Aucune solution n’ayant été trouvée pour valoriser ce type de déchets, la capsule est destinée à rester in situ, à ne jamais se dégrader et à être recouverte par de la terre. Quant au terrain, il sera rendu à son activité précédente après les années d’exploitation. «Il n’y a aucun risque de pollution des sols», souhaite rassurer Daniel Chambaz, directeur général de l’Environnement.

Il va de soi qu’aucune Municipalité ne se précipite pour recevoir ces déchets.
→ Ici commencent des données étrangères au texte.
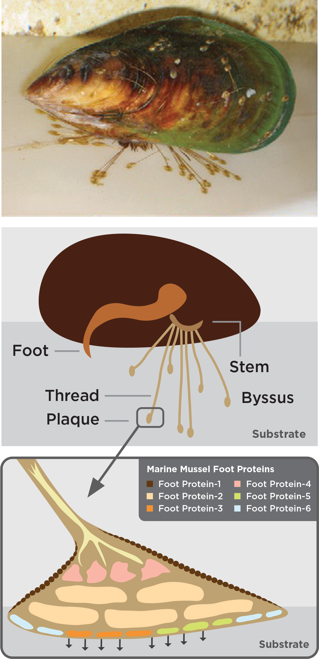 Figure 1. Diagrams of marine mussel attachment to a substrate.
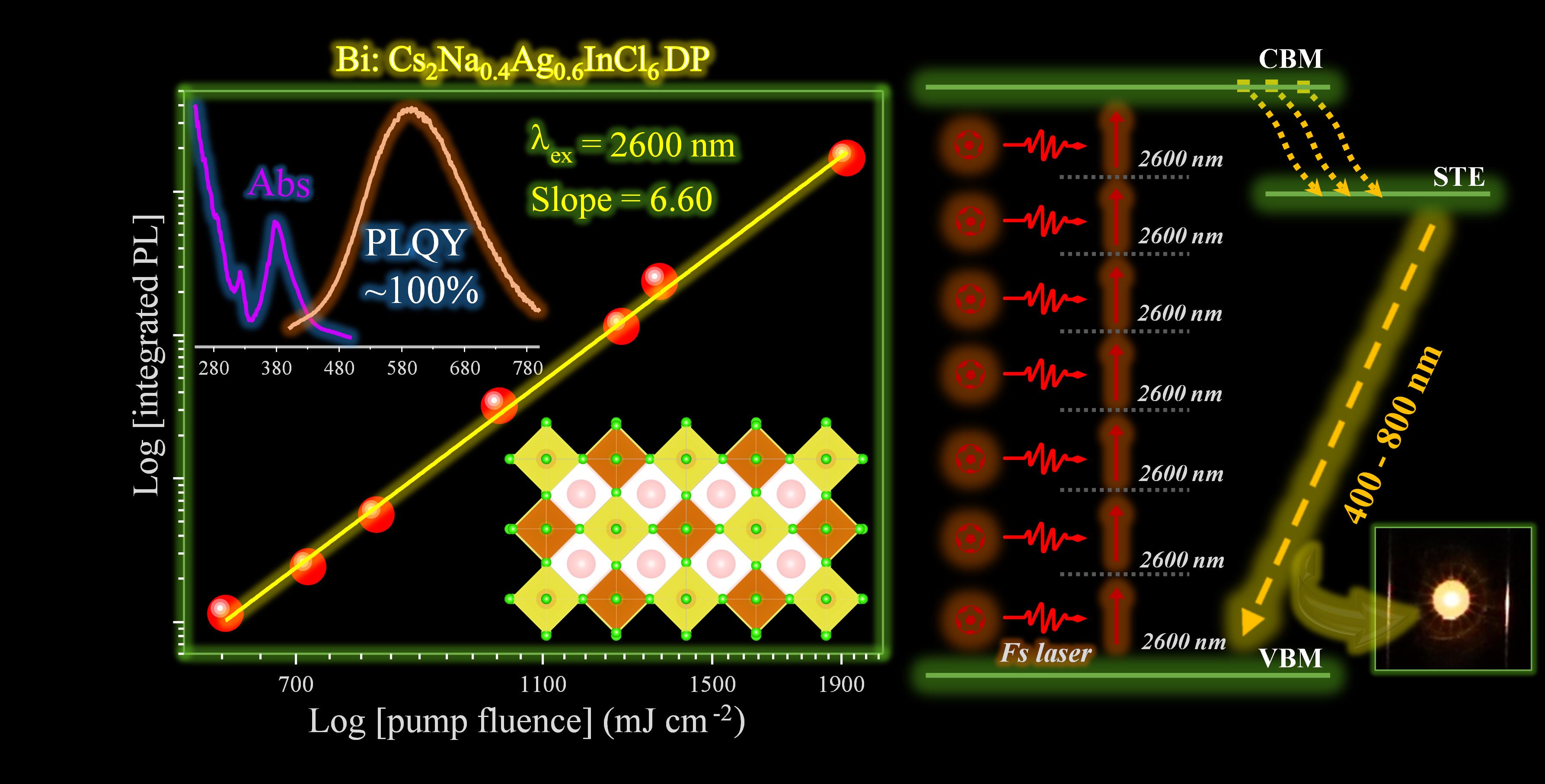 近日,J9·九游会「中国」官方网站陈大钦教授课题组联合中科院福建物质结构研究所陈学元研究员通过异价取代的方式制备了高稳定性、近100%发光效率的Cs2Na0.4Ag0.6In1-xBixCl6无铅双钙钛矿材料。密度泛函理论计算揭示了Na/Bi合金化对双钙钛矿光学吸收的影响,材料在800~2600nm的宽光谱范围内可被飞秒激光有效激发,并首次在无铅双钙钛矿中观察到的2-7光子非线性吸收现象。
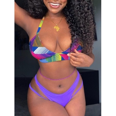 Lovely Casual Hollow-out Print Patchwork Purple Two-piece Swimsuit
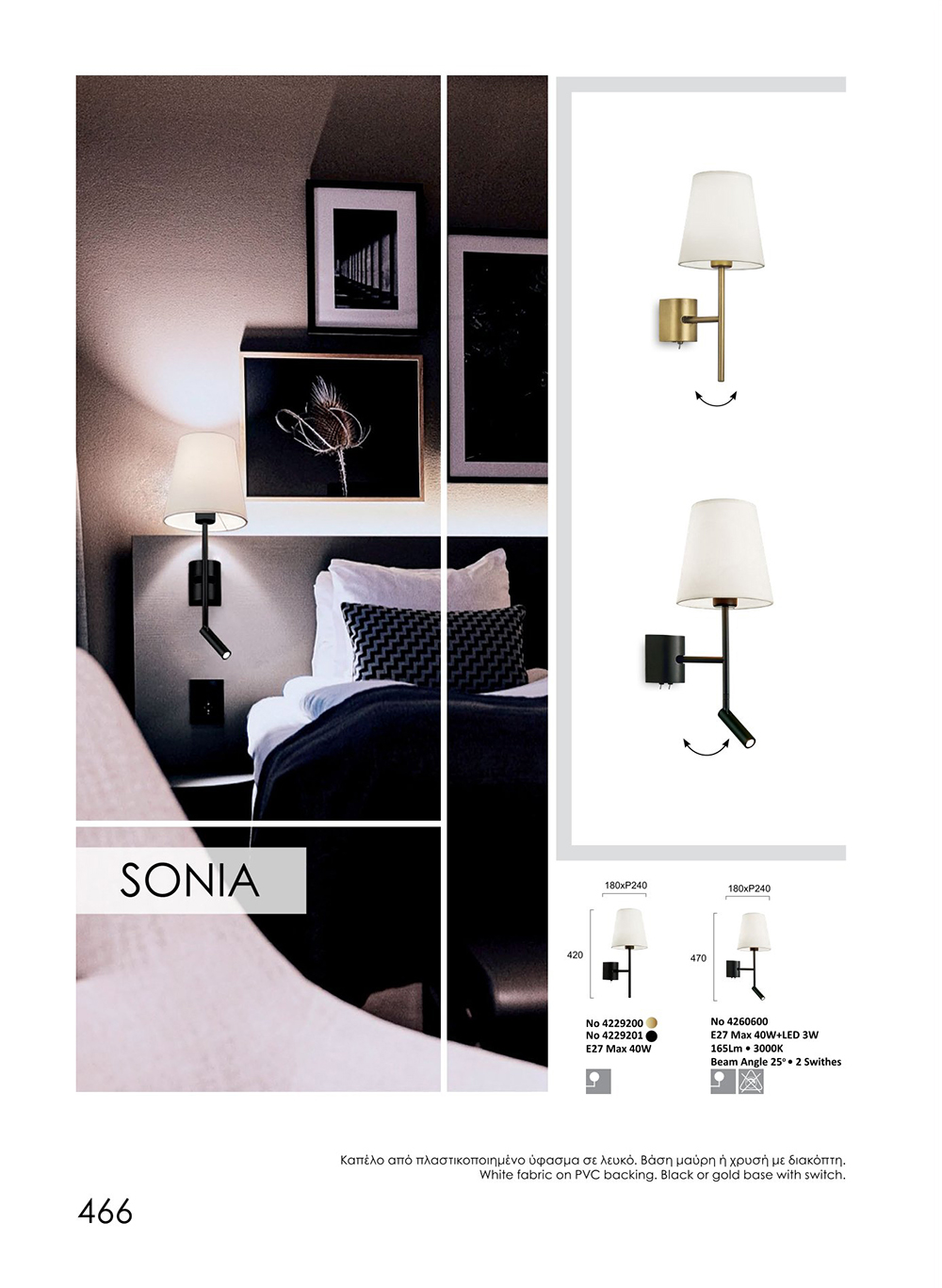 Εσωτερικού Χώρου, SONIA, Απλίκα Χρυσή Sonia, D:180, H:410

A Versoix, une résolution signée par l’ensemble des partis annonce que le corps politique s’y opposera. A Russin, le maire, Alain Hutin, a déjà annoncé son opposition si le site du plateau devait être retenu: «L’exploitation de cette décharge durant plus de deux décennies aura des impacts très importants totalement inacceptables.»

En zone forestière?

Pour l’heure, certains élus des communes concernées ont intégré un comité de pilotage qui planche sur la recherche du site «idéal». Autant dire que chacun espère que sa commune ne sera pas retenue. A leur demande, les études qui se focalisaient initialement sur des terrains agricoles ont été élargies à des terrains en zone forêt et industrielle.

Enfin, l’inquiétude réside dans le ballet de camions en provenance des Cheneviers, où les déchets continueront d’être incinérés. «Cela ne dépassera pas dix camions par jour, soit un par heure», fait savoir Daniel Chambaz. Selon le directeur général de l’Environnement, la procédure d’identification du site et d’autorisation devrait encore durer de «deux à trois ans», avant de laisser place aux éventuels recours. La réalisation est prévue à partir de 2020.